Even with the performance of the forthcoming generation of exascale supercomputers, multidecadal, cloud-resolving simulations of Earth’s water cycle require a middle ground approach in which some atmospheric components such as convection are modeled at a cloud-resolving high resolution. Owing to the extreme computational cost, these high-resolution calculations are usually performed on limited domains to shorten the run time. Lower resolution climate models must then be used to further process the high-resolution results at a global scale. This contrasts the current high-accuracy approaches in which researchers run ultrahigh-resolution cloud-resolving simulations—just not for decadal-scale simulations. Alternatively, other researchers routinely accept more approximate results when they run multi-century low-resolution simulations of the Earth’s water cycle. Although the run time benefits of a middle ground approach are clear, correctly merging the results of high- and low-resolution models is a tricky endeavor.

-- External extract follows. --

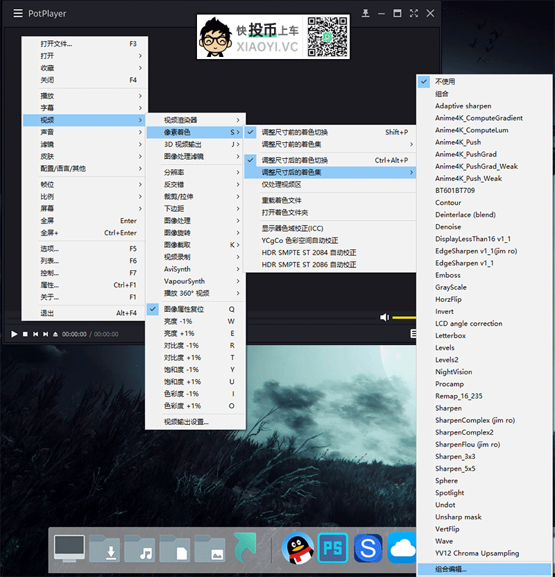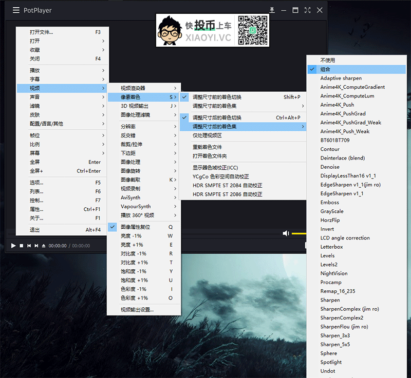 5.「PotPlayer」播放器 → 界面右键 → 视频 → 像素着色 → 调整尺寸后的着色集 → 选择组合。

To address long-term climate science questions, the Energy Exascale Earth System Model (E3SM) project recognizes that new approaches are required to leverage the computational throughput needed to enable more accurate multidecadal simulations. These climate science questions are codified in a series of stepwise grand simulation campaigns (Figure 1) designed to accurately model the coupled human-Earth system far into the future.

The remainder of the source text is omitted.